PXE (Preboot Execution Environment), allows for remote clients to boot from a network hosted image. In this article we will be setting up a PXE server on CentOS 7 with a pfSense® router in place. Vault models FW2B, FW4B, and all versions of the FW6 can be flashed to coreboot which has PXE capabilities.

We have guides covering how to install CentOS, pfSense® CE and how to flash coreboot on to the Vault.

Example Setup

For this example we will be configuring a CentOS 7 server for hosting PXE files along side pfSense® running the DHCP server to allow for network boot and install of CentOS 7 on a FW2B flashed with coreboot.

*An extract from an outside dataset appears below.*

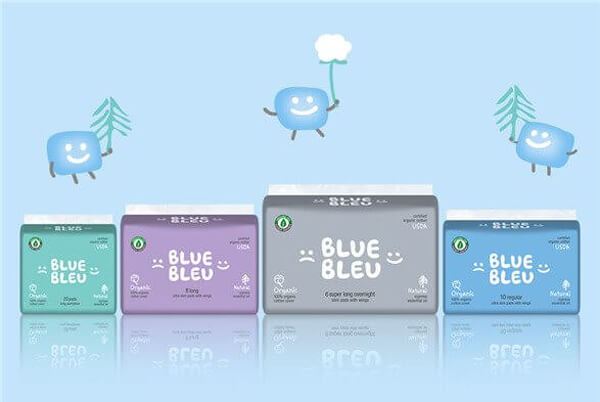 '블루블루'는 3년 이상 화학물질을 사용하지 않은 건강한 땅에서 자란 유기농 목화솜으로 제작되었다. 국제 공식 인증기관의 인증을 받은 100% 유기농 순면 커버를 사용했으며, 커버를 만들 때 물로만 세척하고 압축했기 때문에 형광물질이나 인공색소, 화학비료, 독성, 염소표백 등이 전혀 첨가되지 않았다. 이에 민감한 그날에 발생할 수 있는 피부 트러블을 방지할 수 있고, 환경호르몬의 걱정에서 벗어날 수 있다. 뿐만 아니라 인공향을 사용하지 않고, 천연 편백나무 오일 패치를 넣어 산뜻한 기분을 유지할 수 있게 한다.

  • FW6C – Hosting a virtual machine of CentOS 7
  • FW4B – Running pfSense®
  • FW2B – coreboot flashed for PXE
PXE Network Diagram
PXE Diagram

Prerequisites

For this guide we will assume the following are in place:

  • PXE enabled client
  • CentOS 7 Server
  • pfSense® router with DHCP enabled

Setting Up the PXE Server

  • Log into the CentOS 7 server
  • Verify all the packages are updated using the following command
#yum update -y
  • Install the required packages using the following command
#yum install syslinux xinetd tftp-server vsftpd wget -y
  • Edit the TFTP configuration file with the vi command
#vi /etc/xinetd.d/tftp
  • Change disable from yes to no.
  • Tips for vi editing: Press ‘Insert’ on the keyboard to edit the file, ‘Esc’ to exit edit mode, and type “:wq” to write and close the file.
PXE Server
TFTP Configuration File
  • Change directory to syslinux and copy the necessary files to the TFTP
#cd /usr/share/syslinux
#cp pxelinux.0 mboot.c32 menu.c32 chain.c32 memdisk /var/lib/tftpboot
  • Make and change to the tmp directory.
  • Download a CentOS 7 image. The following address is for a minimal image, but you may find your own mirror and version
#mkdir tmp
#cd tmp/
#wget http://mirrors.ocf.berkeley.edu/centos/7.6.1810/isos/x86_64/CentOS-7-x86_64-Minimal-1810.iso
  • While in tmp mount the downloaded image and copy the files to the FTP directory
#mount -o loop CentOS-7-x86_64-Minimal-1810.iso /mnt/
  • Make a directory for the image files and copy them over
#mkdir /var/ftp/pub/centos7
#cp -rf /mnt/* /var/ftp/pub/centos7
#chmod -R 755 /var/ftp/pub/centos7
  • Make a directory and sub-directory called networkboot/centos7 and copy over vmlinuz along with initrd.img
#mkdir -p /var/lib/tftpboot/networkboot/centos7
#cp /var/ftp/pub/centos7/images/pxeboot/{vmlinuz,initrd.img} /var/lib/tftpboot/networkboot/centos7
  • Create a PXE configuration file that points to the correct files
#mkdir /var/lib/tftpboot/pxelinux.cfg
  • Make note of the IP address for the next steps. Use the following command to show IP address
#ip a
  • Open the PXE configuration file with the vi editor
#vi /var/lib/tftpboot/pxelinux.cfg/default
  • Add the following lines to this new configuration file. Screenshot below is an example of what it should look like.
default menu.c32
prompt 0
timeout 60

menu title <insert title>
label Install CentOS 7

kernel /networkboot/centos7/vmlinuz
append initrd=/networkboot/centos7/initrd.img inst.repo=ftp://<server_ip_addr>/pub/centos7
PXE Server
PXE Configuration File
  • use ‘:wq’ to save and exit the editor
  • Enable and start the TFTP and FTP services
#systemctl enable vsftpd.service
#systemctl start vsftpd.service

#systemctl enable tftp.service
#systemctl start tftp.service
  • Add firewall rules for the TFTP and FTP servers
#firewall-cmd --permanent --add-service=tftp
#firewall-cmd --permanent --add-service=ftp
#firewall-cmd --reload
  • Log into your pfSense® webGUI and locate the DHCP Server menu under the Services tab
pfSense DHCP server
pfSense® DHCP Server
  • Scroll down to “Other Options” and fill in the TFTP server IP address
  • Verify the “Enables network booting” box is ticked
  • Enter the IP address of the Next Server (same as TFTP)
  • For “Default BIOS file name” enter pxelinux.0
pfSense TFTP Server
DHCP PXE Settings
  • Click Save

At this point you can boot up the PXE client and verify that it lists the image and network installation functions.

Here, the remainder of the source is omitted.